AI alignment researcher (and prominent AI doomsayer) Eliezer Yudkowsky believes researchers are pressing ahead with new models far too quickly. In the not-so-distant future, he says, AIs will be so much smarter than humans, and they will be able to outsmart, and even exploit, humans for their own goals. Whether those goals are “aligned” with human goals and values is something of a crapshoot, and very likely outside of human control.
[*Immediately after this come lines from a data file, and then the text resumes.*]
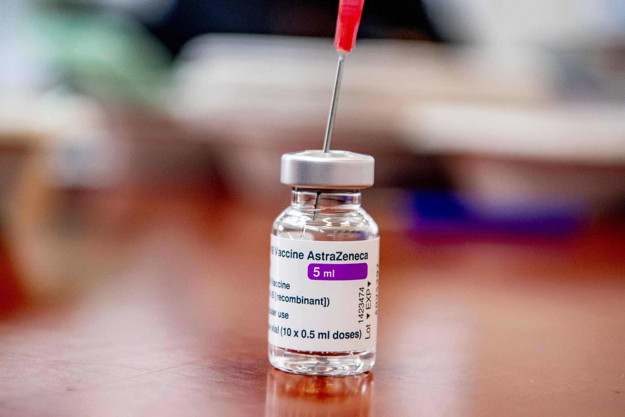 Bildet viser en flaske med AstraZenica vaksine med en kanyle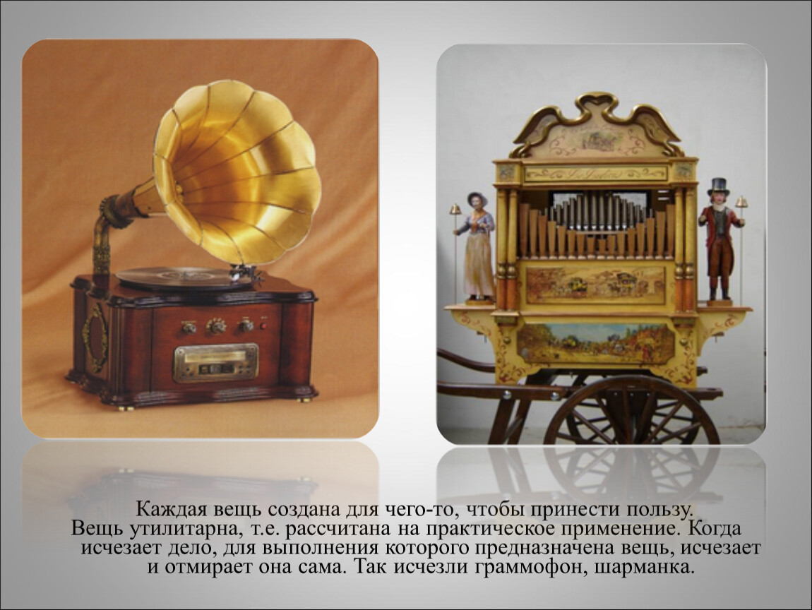 Вещь утилитарна, т.е. рассчитана на практическое применение. Когда исчезает дело, для выполнения которого предназначена вещь, исчезает и отмирает она сама. Так исчезли граммофон, шарманка.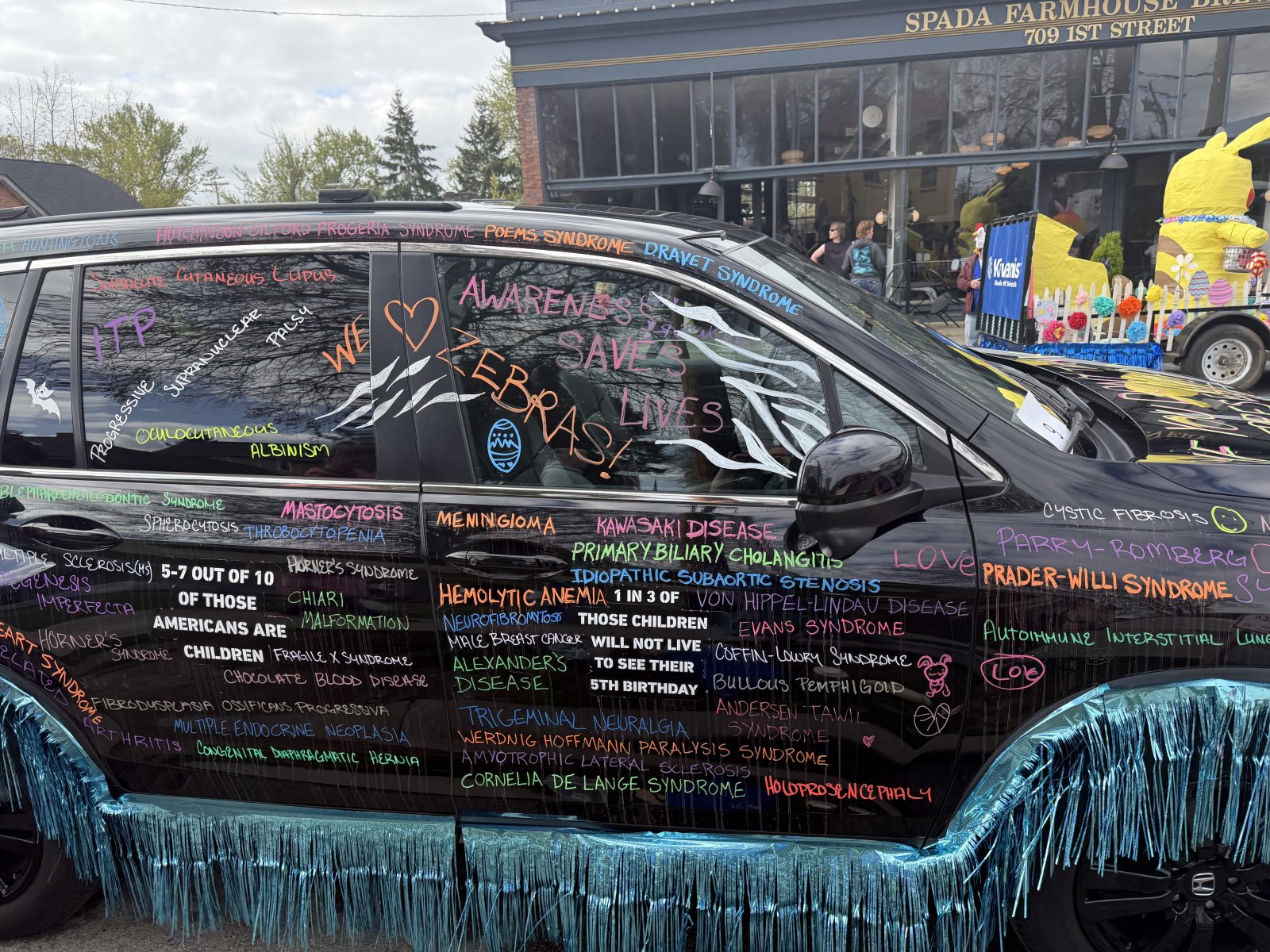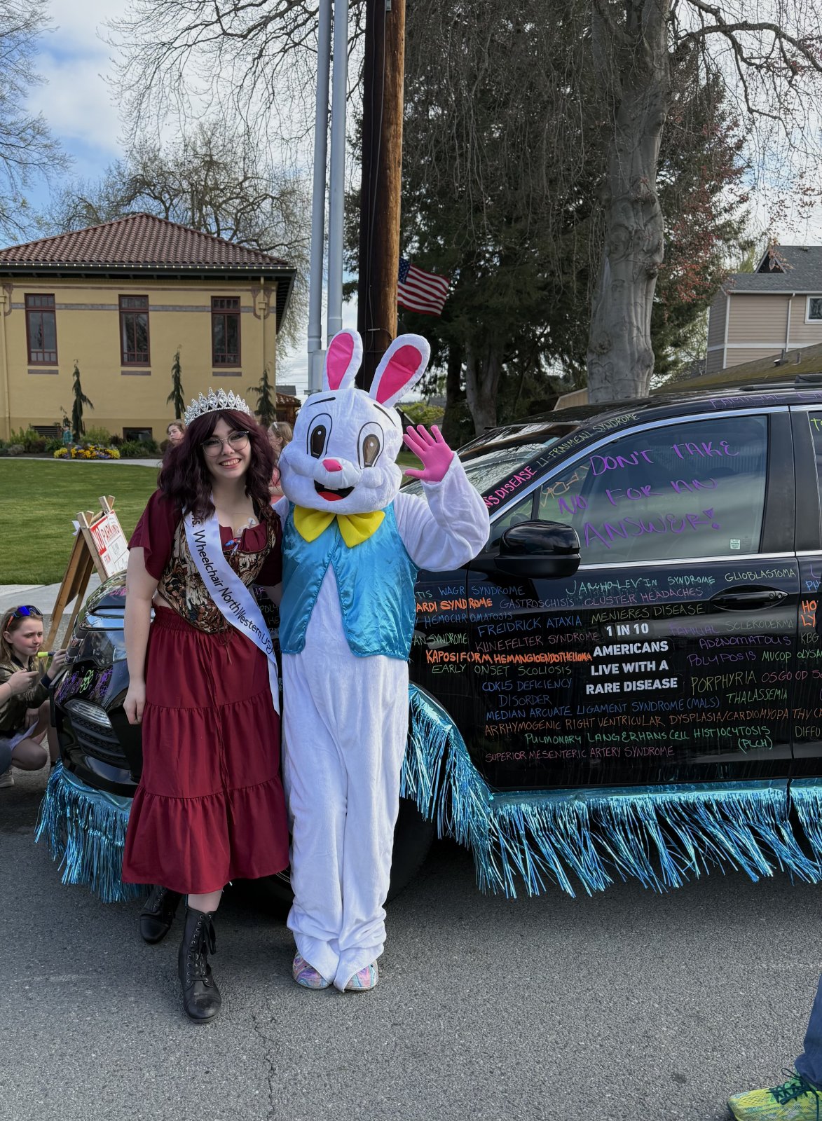 For a second there I thought the girl in the first pic was flipping off the camera.Today I participated in our local Easter parade! The only one in Washington state. My float was covered in the names of rare diseases. We won 3rd place in the float judging. I also made it on Fox NewsView attachment 365757View attachment 365758View attachment 365759View attachment 365760View attachment 365761View attachment 365762View attachment 365763View attachment 365764

Yudkowsky’s research on the dangers of AI has been met with calls of “alarmist” from various industry voices. 

Here’s a memorable quote from my conversation with Yudkowsky this week: “If you’re all in the middle of a global AI arms race, people will say there’s no point in slowing down because their competitors won’t slow down. . . . But maybe an international coalition gets scared enough to shut down the entire mess, or maybe humanity wakes up that day and decides that it wants to live.” 

Yudkowsky now appears to be somewhat vindicated, however. News broke this week that one of the “godfathers” of AI, Geoffrey Hinton, has left his post at Google, in part to speak more freely about the dangers of AI. In fact, Hinton is now hitting many of the talking points Yudkowskly has been touching on for months.

“I think it’s very reasonable for people to be worrying about these issues now,” Hinton said in March, “even though it’s not going to happen in the next year or two.”